To determine whether hospital quality indicators are causal, we exploit the reassignment of patients as a result of a hospital closure to create quasi-experimental variation in the quality of care that patients receive— if quality indicators are causal, patient outcomes ought to improve when a low-quality hospital closes, and worsen when a high-quality hospital closes (predictive validity). Moreover, the magnitude of the change in patient outcomes should be consistent with the predicted change in hospital quality induced by a closure (forecast unbiasedness).

The authors use 20 years of Medicare claims data for patients hospitalized between 1992 and 2015 for heart-attacks, hip-fractures, pneumonia, congestive heart failure or stroke.? To account for the fact that hospitals may close some units first, before a full facility closure is completed, the authors define closure date as the last year for which a hospital had an admission of a given type.

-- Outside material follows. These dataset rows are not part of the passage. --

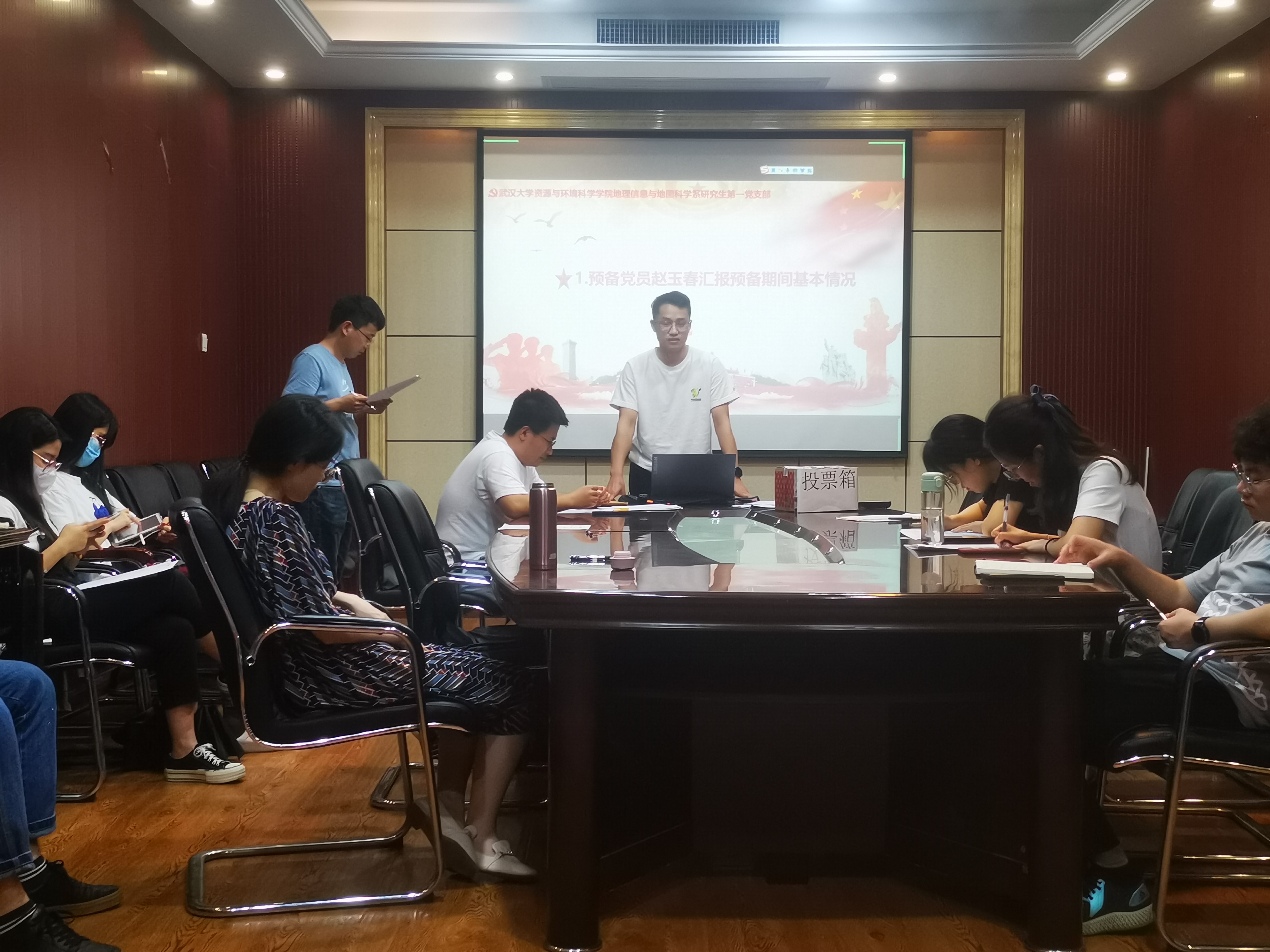 2022年5月27日晚19:00,地理信息与地图科学系研究生第一党支部党员转正大会于院办504会议室召开。会议主要议程有以下两项:一是支部集体进行习近平总书记在中国人民大学考察时重要讲话精神的学习;二是党支部讨论了预备党员赵玉春同志和刘子锐同志转正相关事宜。本次会议由支部书记李石标同志主持,本次会议应到正式党员26人、预备党员7人,实到正式党员22人、预备党员6人。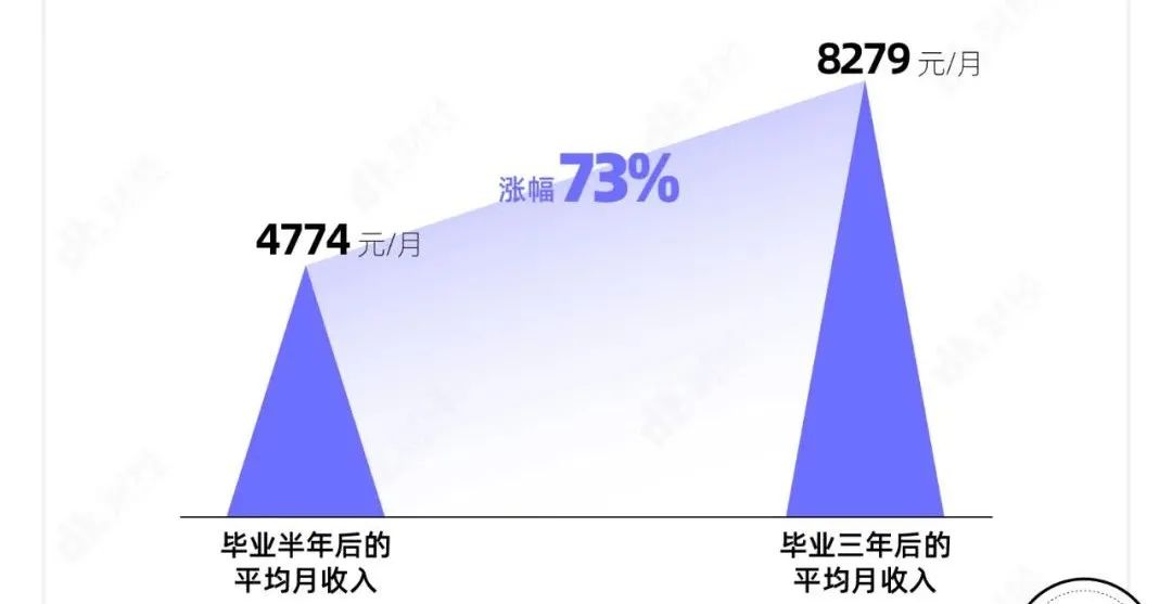 即便是在工作三年后,也有相当大一部分本科生的月收入没有达到1万元。数据显示,毕业三年后,本科生的平均月收入为8279元。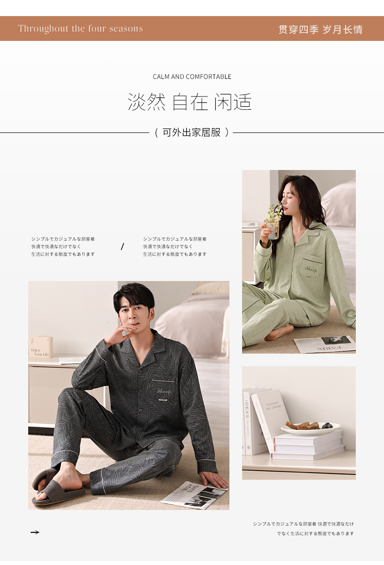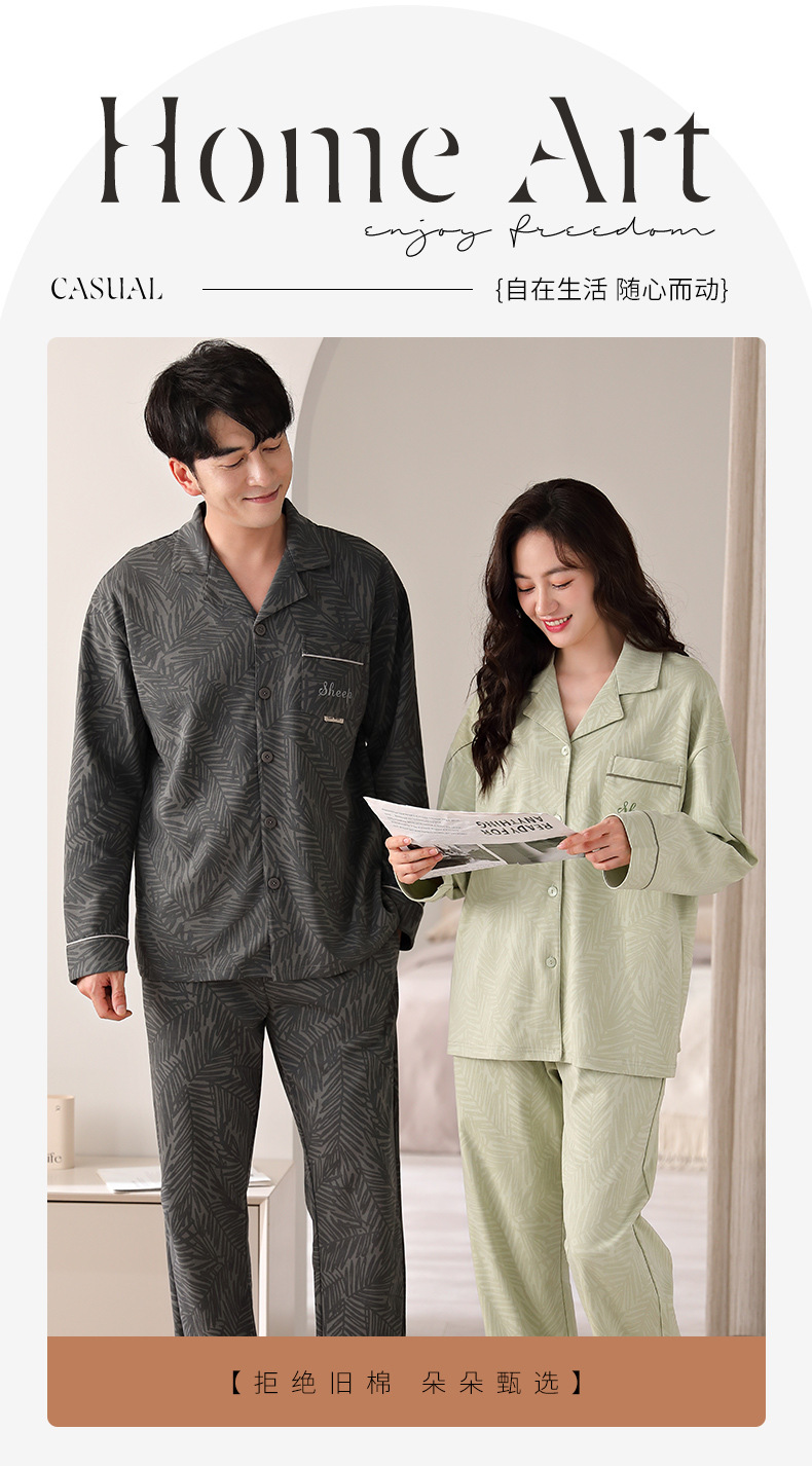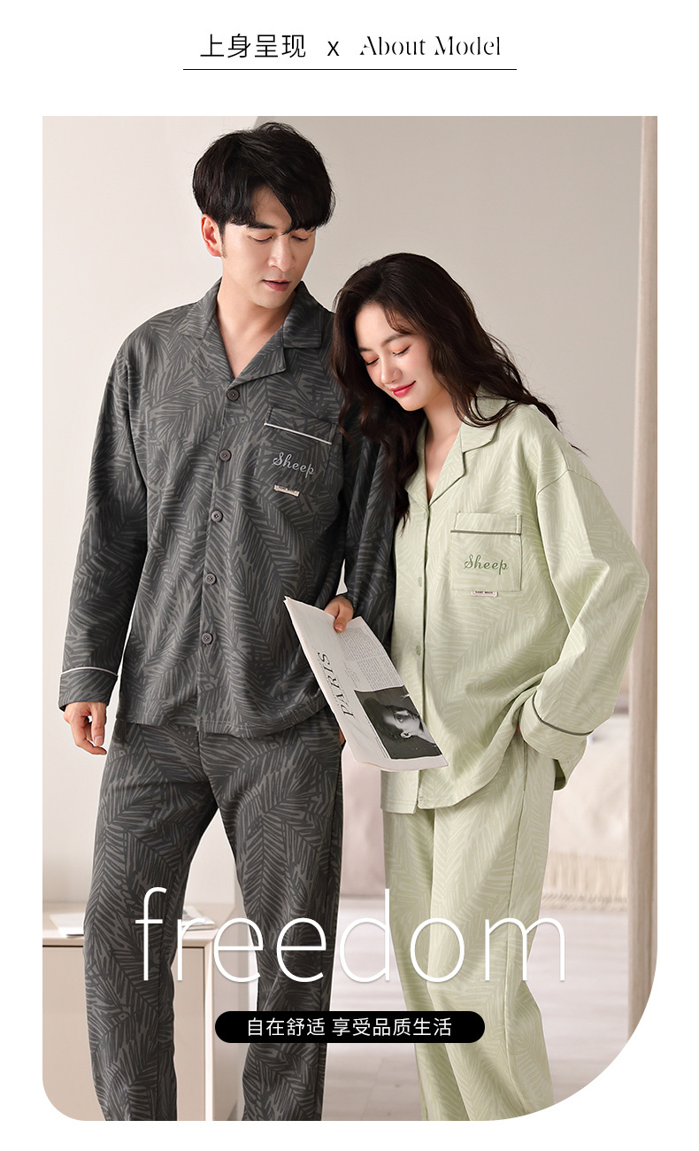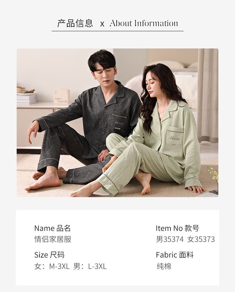 2024 년 가을 커플 잠옷 여성용 순수 코튼 긴팔 세트 간단한 캐주얼 남성 홈 의류 가을과 겨울을위한 느슨한 플러스 사이즈스토어 가기

The approach for this population uses a 3-step approach:

  1. estimate quality metrics (30-day mortality, 30-day readmissions, 30-day total inpatient (Part A) costs, and length of stay),
  2. Use hospital closures to predict how (risk-adjusted) health outcomes would change for patients in each ZIP code of quality metrics were causal, and
  3. Regress actual change in outcomes on the predicted change in outcomes [from step 2] and test whether the regression yields a coefficient of 1 (which would happen if the indicators were perfectly forecast unbiased).?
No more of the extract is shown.